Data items
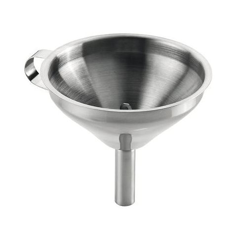 Konyhai tölcsér - kiváló italok és folyadékok áttöltésére keskeny nyakú palackokba, kivehető szűrővel, első osztályú rozsdamentes acélból With an all-stainless steel funnel, it will no longer be a problem for you to pour the drink into a bottle with a narrow neck. The 12 cm diameter Tescoma GrandCHEF funnel is equipped with a re
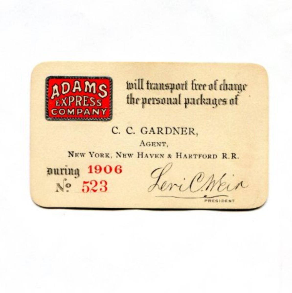 Railroad - 1906 Adams Express Co Transport Pass for NY, New Haven & Hartford Railroad
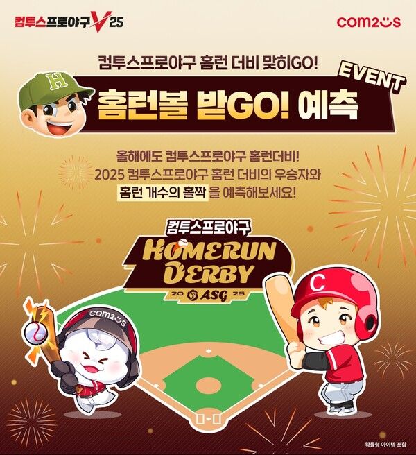 ‘컴프야V25’에서는 7월 4일부터 홈런더비 예측 이벤트를 진행한다. 공식 커뮤니티에서 ‘홈런더비 맞히GO! 홈런볼 받GO!’ 이벤트에 참여해 ‘컴투스프로야구 홈런더비’ 우승자와 홈런 개수를 조건에 맞게 예측하면 ‘라이브 5성 스카우트 티켓’ 등 게임 아이템을 받을 수 있고, 추첨 통해 선정된 50명에게는 홈런볼 제품이 지급된다.
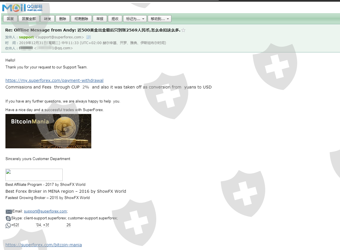superforex.com盈利部分无法出金,收取高额出金费用.
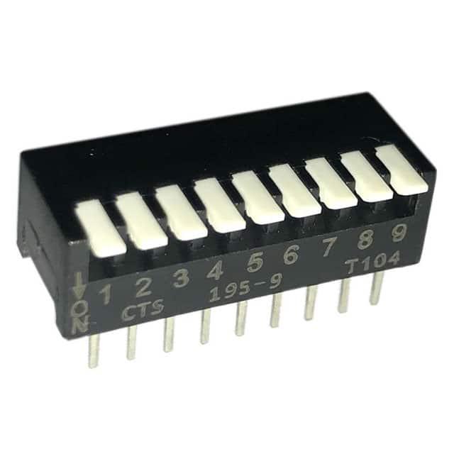 This is manufactured by CTS Electrocomponents. The manufacturer part number is 195-9MS. Washable - no. It is assigned with possible HTSUS value of 8536.50.9065. The product is rohs3 compliant. The product offers long-lasting services of 2,000 cycles. Moreover, it has pc pin terminal style. The product has -40°c ~ 85°c operating temperature range. It is 0.311" (7.90mm) high above board. The product carries possible position value of 9. Features a raised actuator level. Moreover, the product has a nominal 24vdc voltage rating. In addition, it is reach unaffected. It is shipped in tube. Furthermore, the product is galvanized with excellent tin contact finishing. Its typical moisture sensitivity level is 1 (unlimited). Its accurate length is 0.986" (25.04mm). It has an integral spst circuit. It has a long 8 weeks standard lead time. Additionally, the product's output is 50ma The splendid features of the product include epoxy sealed terminals. The product is available in through hole, right angle configuration. The product 195, is a highly preferred choice for users. The product's body is nicely designed from plastic materials. The product carries piano actuator. Moreover, the product is 0.100" (2.54mm), full The product is designated with the ear99 code number
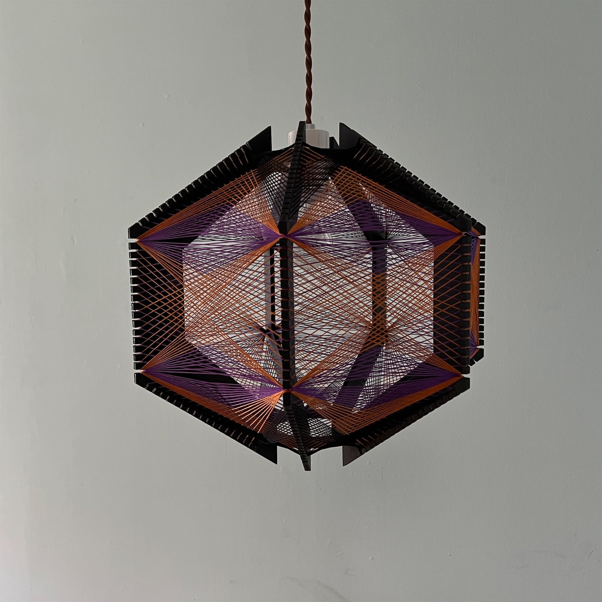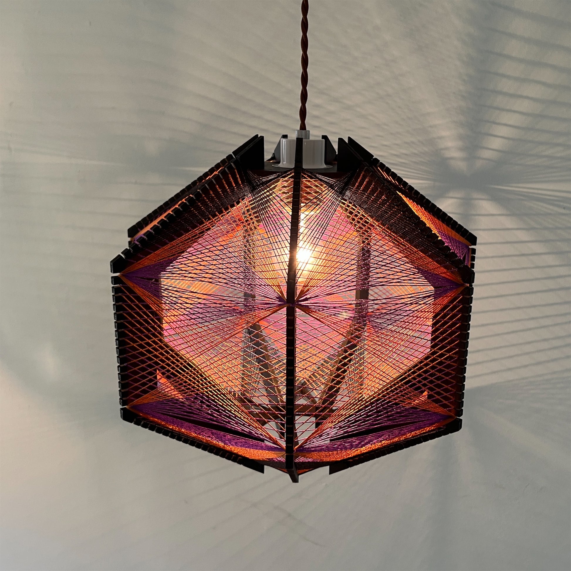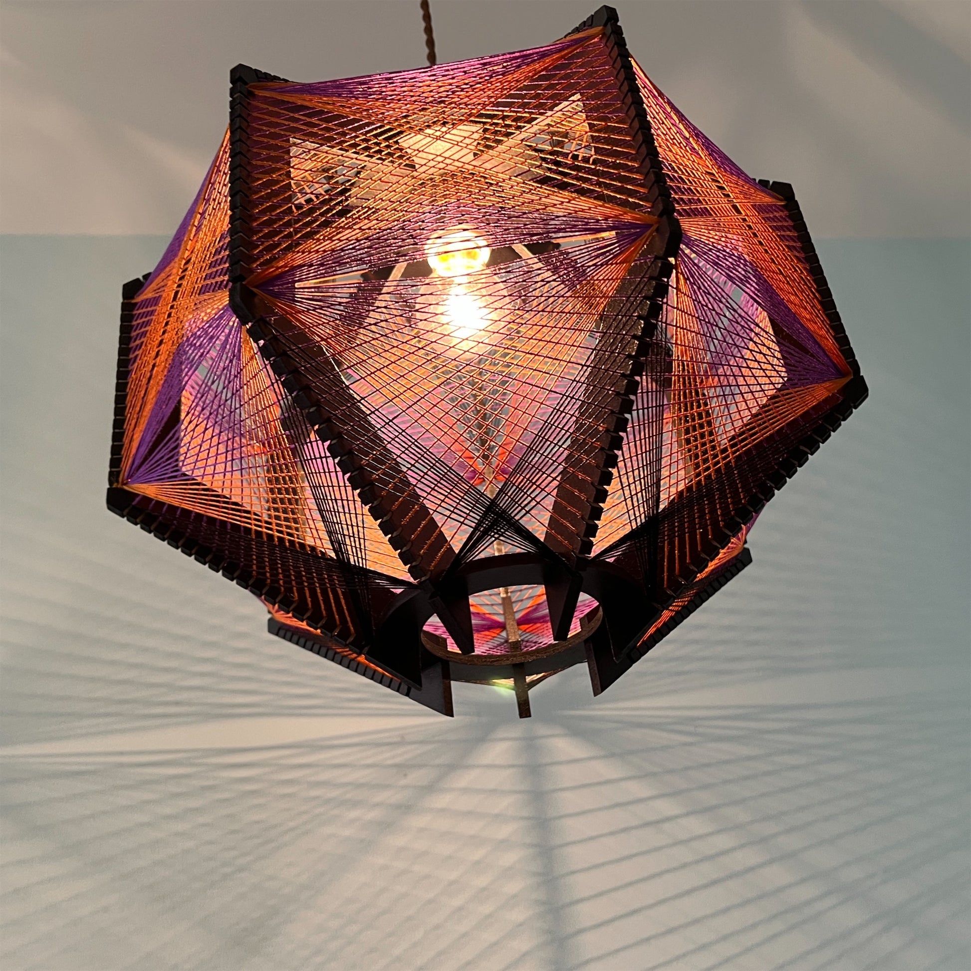 糸の交差が織りなす色彩のグラデーション、糸から溢れる光と影が空間を演出してくれる照明です。

TASK TO CARRY OUT: I'd like the entries above repeated exactly, but without any of their pictures.

SOLUTION TO THIS EXERCISE:
 Konyhai tölcsér - kiváló italok és folyadékok áttöltésére keskeny nyakú palackokba, kivehető szűrővel, első osztályú rozsdamentes acélból With an all-stainless steel funnel, it will no longer be a problem for you to pour the drink into a bottle with a narrow neck. The 12 cm diameter Tescoma GrandCHEF funnel is equipped with a re
 Railroad - 1906 Adams Express Co Transport Pass for NY, New Haven & Hartford Railroad
 ‘컴프야V25’에서는 7월 4일부터 홈런더비 예측 이벤트를 진행한다. 공식 커뮤니티에서 ‘홈런더비 맞히GO! 홈런볼 받GO!’ 이벤트에 참여해 ‘컴투스프로야구 홈런더비’ 우승자와 홈런 개수를 조건에 맞게 예측하면 ‘라이브 5성 스카우트 티켓’ 등 게임 아이템을 받을 수 있고, 추첨 통해 선정된 50명에게는 홈런볼 제품이 지급된다.
superforex.com盈利部分无法出金,收取高额出金费用.
 This is manufactured by CTS Electrocomponents. The manufacturer part number is 195-9MS. Washable - no. It is assigned with possible HTSUS value of 8536.50.9065. The product is rohs3 compliant. The product offers long-lasting services of 2,000 cycles. Moreover, it has pc pin terminal style. The product has -40°c ~ 85°c operating temperature range. It is 0.311" (7.90mm) high above board. The product carries possible position value of 9. Features a raised actuator level. Moreover, the product has a nominal 24vdc voltage rating. In addition, it is reach unaffected. It is shipped in tube. Furthermore, the product is galvanized with excellent tin contact finishing. Its typical moisture sensitivity level is 1 (unlimited). Its accurate length is 0.986" (25.04mm). It has an integral spst circuit. It has a long 8 weeks standard lead time. Additionally, the product's output is 50ma The splendid features of the product include epoxy sealed terminals. The product is available in through hole, right angle configuration. The product 195, is a highly preferred choice for users. The product's body is nicely designed from plastic materials. The product carries piano actuator. Moreover, the product is 0.100" (2.54mm), full The product is designated with the ear99 code number
 糸の交差が織りなす色彩のグラデーション、糸から溢れる光と影が空間を演出してくれる照明です。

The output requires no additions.